Top of RECORDS FOR THE EXERCISE

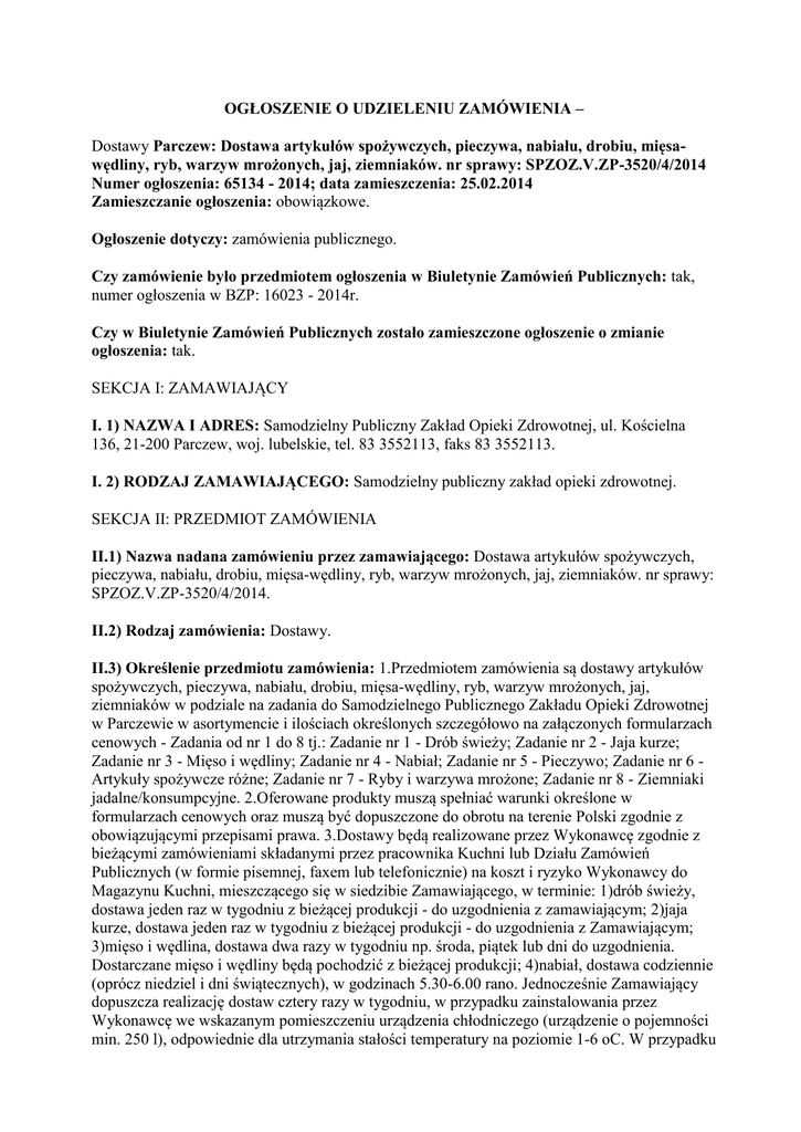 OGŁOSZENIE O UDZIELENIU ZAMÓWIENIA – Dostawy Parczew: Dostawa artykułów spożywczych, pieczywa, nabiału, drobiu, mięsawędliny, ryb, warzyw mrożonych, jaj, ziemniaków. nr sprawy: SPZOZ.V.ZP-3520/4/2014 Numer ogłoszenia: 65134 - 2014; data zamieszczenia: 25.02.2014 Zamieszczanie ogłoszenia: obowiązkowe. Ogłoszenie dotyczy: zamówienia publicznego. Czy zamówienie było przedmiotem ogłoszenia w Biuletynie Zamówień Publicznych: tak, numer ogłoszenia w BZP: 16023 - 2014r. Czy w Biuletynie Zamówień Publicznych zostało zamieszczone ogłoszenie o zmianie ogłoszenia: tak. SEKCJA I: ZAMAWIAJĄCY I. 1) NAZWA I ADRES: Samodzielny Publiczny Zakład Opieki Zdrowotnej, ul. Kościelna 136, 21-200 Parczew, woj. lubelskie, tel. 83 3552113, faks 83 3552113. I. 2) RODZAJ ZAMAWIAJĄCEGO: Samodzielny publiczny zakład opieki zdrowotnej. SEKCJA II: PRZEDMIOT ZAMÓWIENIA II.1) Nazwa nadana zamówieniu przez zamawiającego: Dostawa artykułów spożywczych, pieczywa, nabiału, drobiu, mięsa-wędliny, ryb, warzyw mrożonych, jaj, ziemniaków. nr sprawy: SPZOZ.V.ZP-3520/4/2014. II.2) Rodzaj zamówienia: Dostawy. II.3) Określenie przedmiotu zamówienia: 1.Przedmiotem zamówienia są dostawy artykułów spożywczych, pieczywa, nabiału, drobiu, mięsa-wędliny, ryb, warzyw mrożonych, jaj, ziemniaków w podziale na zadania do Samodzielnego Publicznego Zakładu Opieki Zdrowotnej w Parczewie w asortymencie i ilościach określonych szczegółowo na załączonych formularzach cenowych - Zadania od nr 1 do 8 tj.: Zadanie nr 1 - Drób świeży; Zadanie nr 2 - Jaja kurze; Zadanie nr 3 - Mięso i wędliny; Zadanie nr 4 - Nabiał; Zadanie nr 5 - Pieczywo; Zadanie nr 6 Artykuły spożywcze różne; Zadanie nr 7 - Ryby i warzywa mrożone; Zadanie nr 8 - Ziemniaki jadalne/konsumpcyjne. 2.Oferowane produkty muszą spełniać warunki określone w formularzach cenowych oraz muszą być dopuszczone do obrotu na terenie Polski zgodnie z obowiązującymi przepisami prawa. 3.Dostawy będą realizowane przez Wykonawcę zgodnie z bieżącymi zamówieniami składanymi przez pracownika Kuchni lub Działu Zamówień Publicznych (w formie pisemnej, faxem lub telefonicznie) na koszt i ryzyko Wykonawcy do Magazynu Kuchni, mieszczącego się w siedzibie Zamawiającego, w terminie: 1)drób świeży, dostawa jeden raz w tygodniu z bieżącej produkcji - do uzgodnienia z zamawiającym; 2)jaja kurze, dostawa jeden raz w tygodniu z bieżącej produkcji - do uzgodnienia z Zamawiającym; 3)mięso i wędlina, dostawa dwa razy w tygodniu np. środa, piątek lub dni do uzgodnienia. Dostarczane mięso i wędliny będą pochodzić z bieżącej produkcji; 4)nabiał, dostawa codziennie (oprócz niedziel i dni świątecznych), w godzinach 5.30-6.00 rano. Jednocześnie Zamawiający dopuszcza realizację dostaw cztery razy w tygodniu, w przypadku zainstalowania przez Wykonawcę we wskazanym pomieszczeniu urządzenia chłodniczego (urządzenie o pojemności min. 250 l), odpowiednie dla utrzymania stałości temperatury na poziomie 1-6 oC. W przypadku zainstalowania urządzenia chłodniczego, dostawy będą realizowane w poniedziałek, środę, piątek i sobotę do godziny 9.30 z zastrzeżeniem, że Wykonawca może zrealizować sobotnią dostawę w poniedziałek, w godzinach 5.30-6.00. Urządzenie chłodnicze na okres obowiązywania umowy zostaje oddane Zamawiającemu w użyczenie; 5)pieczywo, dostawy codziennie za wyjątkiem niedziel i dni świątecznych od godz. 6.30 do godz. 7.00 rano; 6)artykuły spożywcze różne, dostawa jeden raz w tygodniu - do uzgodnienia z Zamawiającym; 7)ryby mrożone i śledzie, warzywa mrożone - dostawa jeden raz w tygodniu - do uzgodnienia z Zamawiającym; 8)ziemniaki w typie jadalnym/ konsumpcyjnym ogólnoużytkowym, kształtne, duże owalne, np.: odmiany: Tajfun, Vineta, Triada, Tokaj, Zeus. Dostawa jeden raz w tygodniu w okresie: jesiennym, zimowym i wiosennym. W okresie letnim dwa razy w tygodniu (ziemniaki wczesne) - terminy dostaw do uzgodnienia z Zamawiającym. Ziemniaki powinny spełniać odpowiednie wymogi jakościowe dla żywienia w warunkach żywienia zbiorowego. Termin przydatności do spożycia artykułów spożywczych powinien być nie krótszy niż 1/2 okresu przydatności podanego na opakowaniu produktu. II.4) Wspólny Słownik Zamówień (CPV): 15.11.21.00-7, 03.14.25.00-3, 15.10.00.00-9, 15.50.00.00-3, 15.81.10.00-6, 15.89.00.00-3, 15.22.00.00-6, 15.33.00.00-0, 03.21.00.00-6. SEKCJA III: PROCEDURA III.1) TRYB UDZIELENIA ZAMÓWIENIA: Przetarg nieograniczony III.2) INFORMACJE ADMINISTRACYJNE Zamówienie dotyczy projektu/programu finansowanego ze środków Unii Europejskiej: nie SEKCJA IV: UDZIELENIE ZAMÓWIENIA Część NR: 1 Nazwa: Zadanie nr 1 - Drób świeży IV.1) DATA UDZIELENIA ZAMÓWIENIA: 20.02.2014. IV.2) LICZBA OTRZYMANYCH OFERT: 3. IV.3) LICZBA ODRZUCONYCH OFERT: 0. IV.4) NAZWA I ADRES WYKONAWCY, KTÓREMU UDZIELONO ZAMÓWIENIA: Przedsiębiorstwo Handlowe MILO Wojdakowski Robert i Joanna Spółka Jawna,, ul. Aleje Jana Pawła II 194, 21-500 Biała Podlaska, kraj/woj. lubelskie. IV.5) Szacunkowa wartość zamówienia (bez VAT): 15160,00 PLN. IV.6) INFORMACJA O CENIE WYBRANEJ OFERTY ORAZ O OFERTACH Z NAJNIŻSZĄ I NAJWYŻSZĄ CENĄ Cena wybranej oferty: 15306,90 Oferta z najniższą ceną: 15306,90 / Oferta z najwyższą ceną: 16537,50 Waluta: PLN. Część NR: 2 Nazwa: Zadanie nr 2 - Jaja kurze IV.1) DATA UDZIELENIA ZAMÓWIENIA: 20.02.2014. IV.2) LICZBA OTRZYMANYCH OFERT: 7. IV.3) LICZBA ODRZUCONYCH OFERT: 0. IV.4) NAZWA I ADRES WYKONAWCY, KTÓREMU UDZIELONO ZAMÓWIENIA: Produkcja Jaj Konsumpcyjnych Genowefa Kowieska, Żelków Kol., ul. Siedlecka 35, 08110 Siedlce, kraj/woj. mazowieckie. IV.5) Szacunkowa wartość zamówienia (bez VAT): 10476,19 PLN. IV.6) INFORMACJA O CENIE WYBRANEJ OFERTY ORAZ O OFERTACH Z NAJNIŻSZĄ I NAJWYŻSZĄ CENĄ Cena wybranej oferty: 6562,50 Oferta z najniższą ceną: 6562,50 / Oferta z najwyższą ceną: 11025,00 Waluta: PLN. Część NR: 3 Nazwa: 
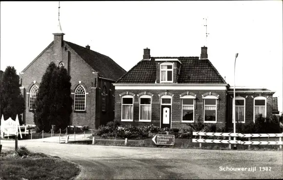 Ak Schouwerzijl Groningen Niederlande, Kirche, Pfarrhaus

Bottom of RECORDS FOR THE EXERCISE
Top of RECORDS FOR THE EXERCISE

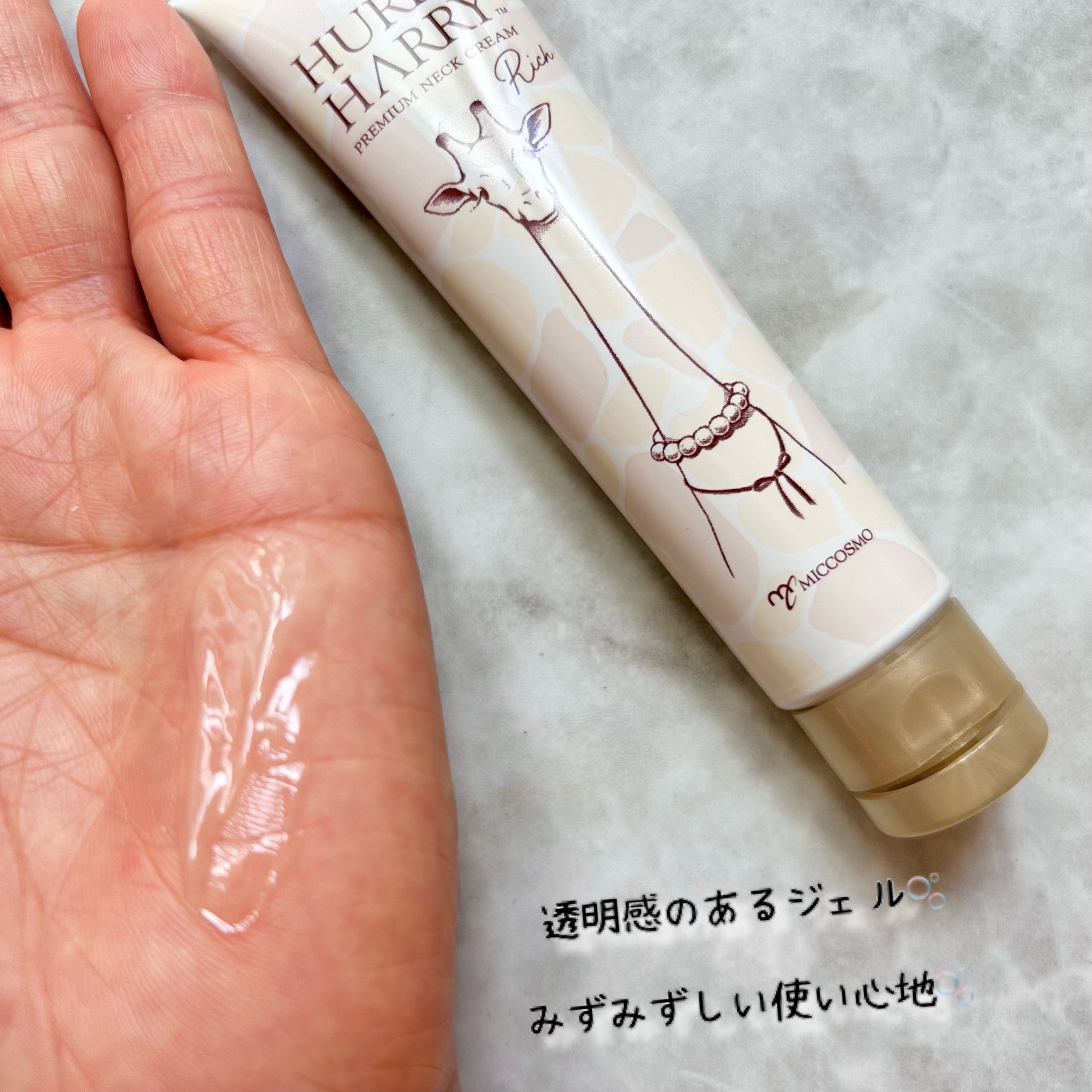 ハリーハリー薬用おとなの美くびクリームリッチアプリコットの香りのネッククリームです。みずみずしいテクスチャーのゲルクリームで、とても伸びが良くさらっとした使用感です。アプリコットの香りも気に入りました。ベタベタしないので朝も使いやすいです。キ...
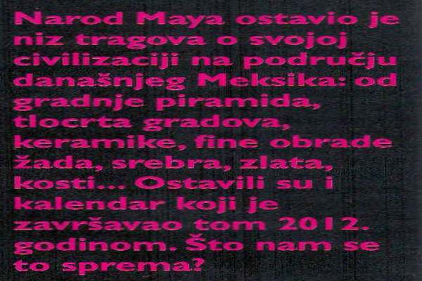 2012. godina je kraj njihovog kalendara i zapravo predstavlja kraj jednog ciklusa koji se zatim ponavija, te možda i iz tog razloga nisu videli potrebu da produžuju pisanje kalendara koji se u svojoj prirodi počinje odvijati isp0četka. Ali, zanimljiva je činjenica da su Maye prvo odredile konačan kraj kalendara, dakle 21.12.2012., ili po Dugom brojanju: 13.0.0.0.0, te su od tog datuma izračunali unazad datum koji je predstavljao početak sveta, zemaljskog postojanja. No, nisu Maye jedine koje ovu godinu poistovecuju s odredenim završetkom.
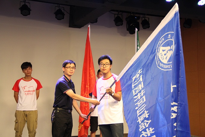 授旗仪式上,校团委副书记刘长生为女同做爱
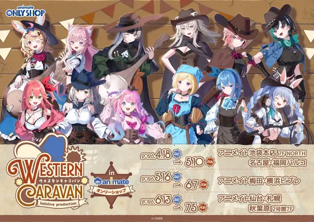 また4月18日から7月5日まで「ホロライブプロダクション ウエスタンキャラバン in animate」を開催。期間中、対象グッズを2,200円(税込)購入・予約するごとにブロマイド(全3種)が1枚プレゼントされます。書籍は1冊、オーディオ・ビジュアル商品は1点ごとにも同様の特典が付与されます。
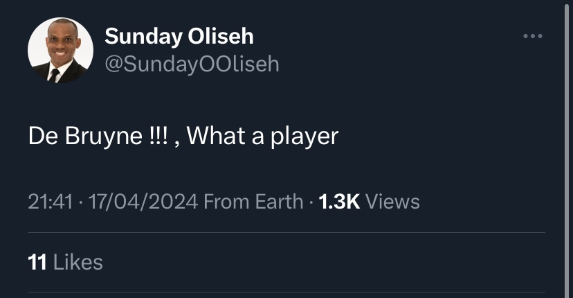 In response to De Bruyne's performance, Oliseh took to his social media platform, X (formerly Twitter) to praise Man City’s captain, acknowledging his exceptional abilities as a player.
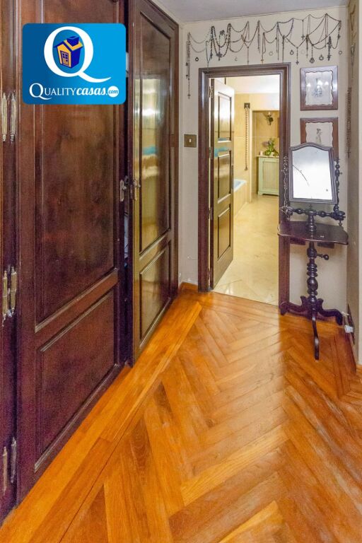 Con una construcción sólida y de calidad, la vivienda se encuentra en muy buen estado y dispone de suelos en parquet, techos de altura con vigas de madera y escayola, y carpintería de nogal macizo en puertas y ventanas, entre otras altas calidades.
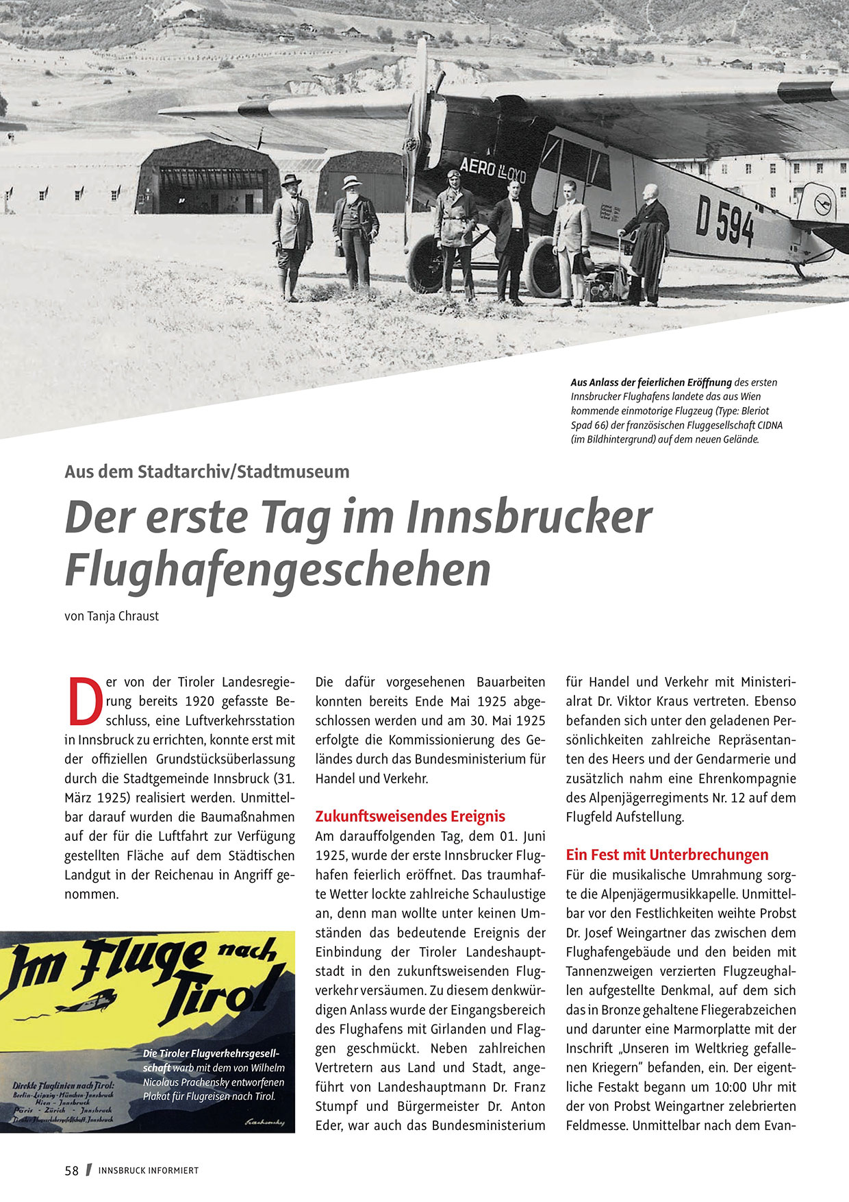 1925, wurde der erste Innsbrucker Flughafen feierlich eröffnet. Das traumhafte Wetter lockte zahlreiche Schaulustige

Bottom of RECORDS FOR THE EXERCISE

→ **WHAT NEEDS TO BE DONE**:
Would you copy out, exactly and with no pictures, only the lines above from the one that contains "ハリーハリー薬用おとなの美く" through the one that contains "1925, wurde der"?

→ **FINISHED EXERCISE**:
 ハリーハリー薬用おとなの美くびクリームリッチアプリコットの香りのネッククリームです。みずみずしいテクスチャーのゲルクリームで、とても伸びが良くさらっとした使用感です。アプリコットの香りも気に入りました。ベタベタしないので朝も使いやすいです。キ...
 2012. godina je kraj njihovog kalendara i zapravo predstavlja kraj jednog ciklusa koji se zatim ponavija, te možda i iz tog razloga nisu videli potrebu da produžuju pisanje kalendara koji se u svojoj prirodi počinje odvijati isp0četka. Ali, zanimljiva je činjenica da su Maye prvo odredile konačan kraj kalendara, dakle 21.12.2012., ili po Dugom brojanju: 13.0.0.0.0, te su od tog datuma izračunali unazad datum koji je predstavljao početak sveta, zemaljskog postojanja. No, nisu Maye jedine koje ovu godinu poistovecuju s odredenim završetkom.
 授旗仪式上,校团委副书记刘长生为女同做爱
 また4月18日から7月5日まで「ホロライブプロダクション ウエスタンキャラバン in animate」を開催。期間中、対象グッズを2,200円(税込)購入・予約するごとにブロマイド(全3種)が1枚プレゼントされます。書籍は1冊、オーディオ・ビジュアル商品は1点ごとにも同様の特典が付与されます。
 In response to De Bruyne's performance, Oliseh took to his social media platform, X (formerly Twitter) to praise Man City’s captain, acknowledging his exceptional abilities as a player.
 Con una construcción sólida y de calidad, la vivienda se encuentra en muy buen estado y dispone de suelos en parquet, techos de altura con vigas de madera y escayola, y carpintería de nogal macizo en puertas y ventanas, entre otras altas calidades.
 1925, wurde der erste Innsbrucker Flughafen feierlich eröffnet. Das traumhafte Wetter lockte zahlreiche Schaulustige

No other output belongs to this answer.